While working at Ground Zero, Megan started Live From the WTC, a blog focused on economics, business, and cooking. She may or may not have been the first major economics blogger, depending on whether we are allowed to throw outlying variables such as Brad Delong out of the set. From there it was but a few steps down the slippery slope to freelance journalism. She has worked in various capacities for The Economist, where she wrote about economics and oversaw the founding of Free Exchange, the magazine's economics blog. She has also maintained her own blog, Asymmetrical Information, which moved to The Atlantic, along with its owner, in August 2007.
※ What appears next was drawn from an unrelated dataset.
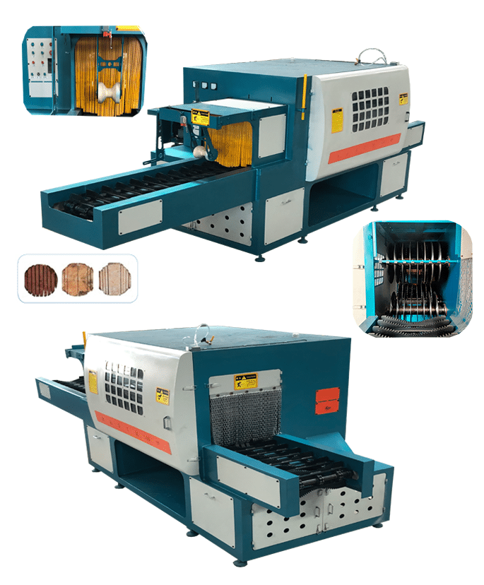 送 料:采用優質鏈條輸送,機上配有的變頻智能調速器,可以對大小木料的進料速度實行自由調速。原木可以實現自動分中,機上還配有限位開關,防止超去規格木料進入,防止卡木避免對機器造成損壞。

Megan holds a bachelor's degree in English literature from the University of Pennsylvania and an M.B.A. from the University of Chicago. After a lifetime as a New Yorker, she now resides in northwest Washington, D.C., where she is still trying to figure out what one does with an apartment larger than 400 square feet.

The Sovereign Debt That Dare Not Speak Its Name

By Megan McArdle
Apr 2 2010, 5:01 PM ET Comment

Timothy Geithner has apparently penned a letter to Representative Scott Jarrett (R-NJ) telling him that Fannie Mae and Freddie Mac's obligations are not sovereign debt. Of course, the United States government believes that supporting this debt is crucial to saving the economy. But just because we're not-so-implicitly guaranteeing this debt, doesn't mean that you should treat it like government debt.

Geithner . . . said debt from the two government-sponsored enterprises isn't the same as U.S. Treasurys, but that support for the two firms "is crucial in helping to stabilize the housing market and the overall economy. The Treasury's actions regarding the two firms, which have been under government control since September 2008, "should leave no uncertainty about Treasury's commitment to support Fannie Mae and Freddie Mac," Geithner wrote.

This is exactly the sort of nudge-nudge, wink-wink, now-we-guarantee-it-now-we-don't behavior that allowed the companies to get themselves (and by extension us) in so much trouble in the first place. If we want companies that get the attractive low borrowing rates available to the US government, we should make them a government agency and be done with it. If not, we should sell off their assets and dissolve the companies. But "neither fish, nor fowl, nor good red herring" is not a healthy state for a financial firm. Investors are all too willing to give them the rope they need to hang the taxpayer high and dry.